───── Exercise data ─────

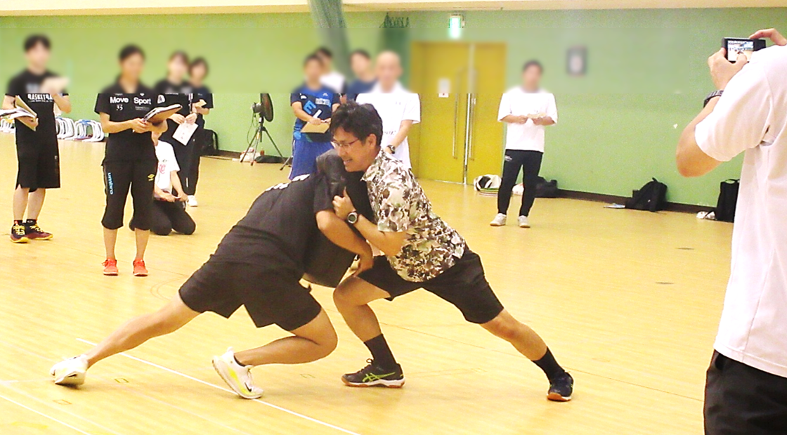 (例:相手の圧力を全身で受け取りながら、左右にずらすことなくお互いに真正面に押し合っていくことを通して、“いま、ここ”に確かにある、相手の“意志”や“存在”をダイレクトに感じ取っていく活動にも取り組みました。押し込まれても、笑顔が自然と溢れてくる活動であり、“お互いの全力の発揮”が、体と心を喜ばせてくれることを追体験しました。)
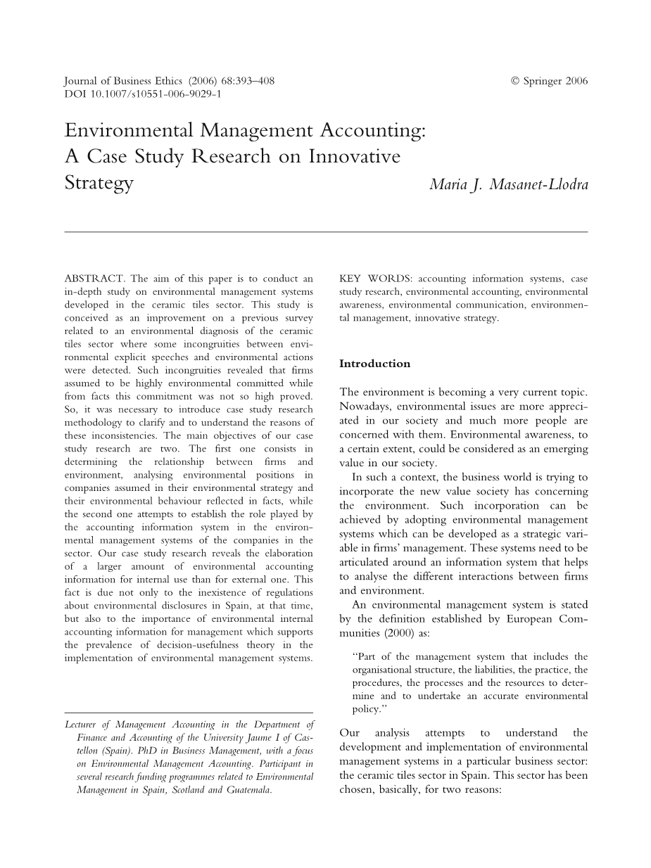 关键词:会计信息系统,案例研究,环境会计,环境意识,环境沟通,环境管理,创新战略。
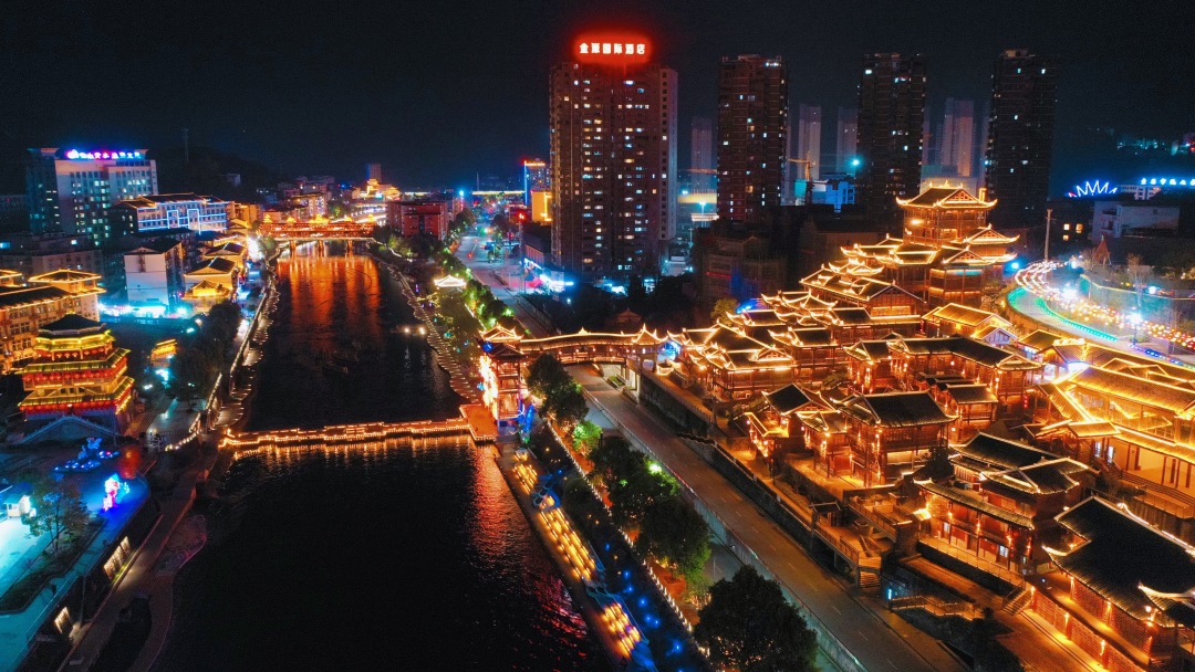 华灯初上,宣恩贡水河两岸瞬间被点亮,五彩斑斓的灯光交织辉映,宛如一条流动的梦幻星河坠入凡间。沿着河畔漫步,微风轻拂,带来丝丝凉意,风中似乎还裹挟着这座城市的烟火气息与历史韵味。

─────

Copy the lines exactly. Start at the line with "关键词:会计信息系统,案例研", end at the last line above, include both, and omit all pictures.

 关键词:会计信息系统,案例研究,环境会计,环境意识,环境沟通,环境管理,创新战略。
 华灯初上,宣恩贡水河两岸瞬间被点亮,五彩斑斓的灯光交织辉映,宛如一条流动的梦幻星河坠入凡间。沿着河畔漫步,微风轻拂,带来丝丝凉意,风中似乎还裹挟着这座城市的烟火气息与历史韵味。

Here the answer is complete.